▶ [Exercise data]:
**********

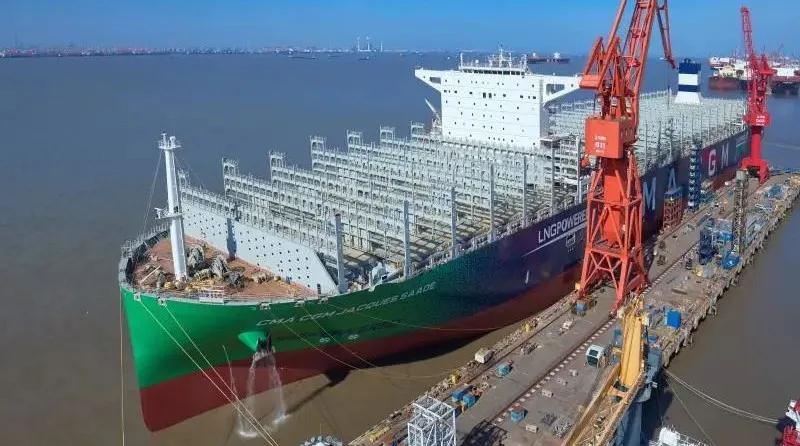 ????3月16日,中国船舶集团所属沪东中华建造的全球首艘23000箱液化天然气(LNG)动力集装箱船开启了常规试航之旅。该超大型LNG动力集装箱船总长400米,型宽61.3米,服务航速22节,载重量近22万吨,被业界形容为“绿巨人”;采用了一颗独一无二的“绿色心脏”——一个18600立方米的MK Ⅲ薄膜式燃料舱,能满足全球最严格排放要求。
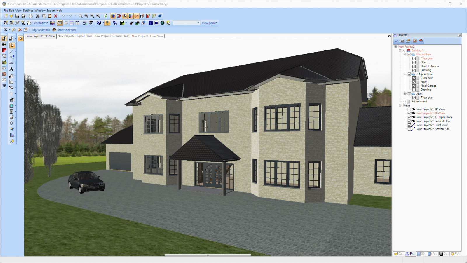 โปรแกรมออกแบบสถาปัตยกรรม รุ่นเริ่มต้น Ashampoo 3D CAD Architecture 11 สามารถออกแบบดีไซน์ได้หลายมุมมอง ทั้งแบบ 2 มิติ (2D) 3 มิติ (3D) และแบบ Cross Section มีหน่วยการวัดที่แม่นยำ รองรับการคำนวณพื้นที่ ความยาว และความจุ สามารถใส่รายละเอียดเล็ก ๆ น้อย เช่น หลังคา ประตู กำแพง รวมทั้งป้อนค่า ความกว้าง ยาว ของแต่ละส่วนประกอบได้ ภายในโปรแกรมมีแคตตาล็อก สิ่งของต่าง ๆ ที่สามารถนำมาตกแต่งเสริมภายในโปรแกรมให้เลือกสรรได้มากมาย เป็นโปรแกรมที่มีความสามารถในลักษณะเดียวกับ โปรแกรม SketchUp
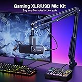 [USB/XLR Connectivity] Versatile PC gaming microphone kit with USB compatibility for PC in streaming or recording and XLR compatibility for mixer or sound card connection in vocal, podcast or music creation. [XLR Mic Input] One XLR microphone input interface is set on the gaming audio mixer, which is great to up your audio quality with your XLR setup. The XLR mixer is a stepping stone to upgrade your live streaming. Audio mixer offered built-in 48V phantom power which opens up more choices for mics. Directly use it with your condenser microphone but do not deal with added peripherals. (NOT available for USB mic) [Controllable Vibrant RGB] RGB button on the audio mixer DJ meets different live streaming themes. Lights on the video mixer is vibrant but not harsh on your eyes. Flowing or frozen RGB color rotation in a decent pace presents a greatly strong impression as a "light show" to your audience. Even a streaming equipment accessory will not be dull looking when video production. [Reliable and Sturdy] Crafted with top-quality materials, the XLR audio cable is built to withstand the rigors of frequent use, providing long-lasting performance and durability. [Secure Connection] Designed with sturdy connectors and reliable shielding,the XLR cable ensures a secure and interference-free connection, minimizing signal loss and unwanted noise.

**********

▶ [Requirement]:
Output the data above in full. Skip every picture.

▶ [Solution for this task]:
 ????3月16日,中国船舶集团所属沪东中华建造的全球首艘23000箱液化天然气(LNG)动力集装箱船开启了常规试航之旅。该超大型LNG动力集装箱船总长400米,型宽61.3米,服务航速22节,载重量近22万吨,被业界形容为“绿巨人”;采用了一颗独一无二的“绿色心脏”——一个18600立方米的MK Ⅲ薄膜式燃料舱,能满足全球最严格排放要求。
 โปรแกรมออกแบบสถาปัตยกรรม รุ่นเริ่มต้น Ashampoo 3D CAD Architecture 11 สามารถออกแบบดีไซน์ได้หลายมุมมอง ทั้งแบบ 2 มิติ (2D) 3 มิติ (3D) และแบบ Cross Section มีหน่วยการวัดที่แม่นยำ รองรับการคำนวณพื้นที่ ความยาว และความจุ สามารถใส่รายละเอียดเล็ก ๆ น้อย เช่น หลังคา ประตู กำแพง รวมทั้งป้อนค่า ความกว้าง ยาว ของแต่ละส่วนประกอบได้ ภายในโปรแกรมมีแคตตาล็อก สิ่งของต่าง ๆ ที่สามารถนำมาตกแต่งเสริมภายในโปรแกรมให้เลือกสรรได้มากมาย เป็นโปรแกรมที่มีความสามารถในลักษณะเดียวกับ โปรแกรม SketchUp
 [USB/XLR Connectivity] Versatile PC gaming microphone kit with USB compatibility for PC in streaming or recording and XLR compatibility for mixer or sound card connection in vocal, podcast or music creation. [XLR Mic Input] One XLR microphone input interface is set on the gaming audio mixer, which is great to up your audio quality with your XLR setup. The XLR mixer is a stepping stone to upgrade your live streaming. Audio mixer offered built-in 48V phantom power which opens up more choices for mics. Directly use it with your condenser microphone but do not deal with added peripherals. (NOT available for USB mic) [Controllable Vibrant RGB] RGB button on the audio mixer DJ meets different live streaming themes. Lights on the video mixer is vibrant but not harsh on your eyes. Flowing or frozen RGB color rotation in a decent pace presents a greatly strong impression as a "light show" to your audience. Even a streaming equipment accessory will not be dull looking when video production. [Reliable and Sturdy] Crafted with top-quality materials, the XLR audio cable is built to withstand the rigors of frequent use, providing long-lasting performance and durability. [Secure Connection] Designed with sturdy connectors and reliable shielding,the XLR cable ensures a secure and interference-free connection, minimizing signal loss and unwanted noise.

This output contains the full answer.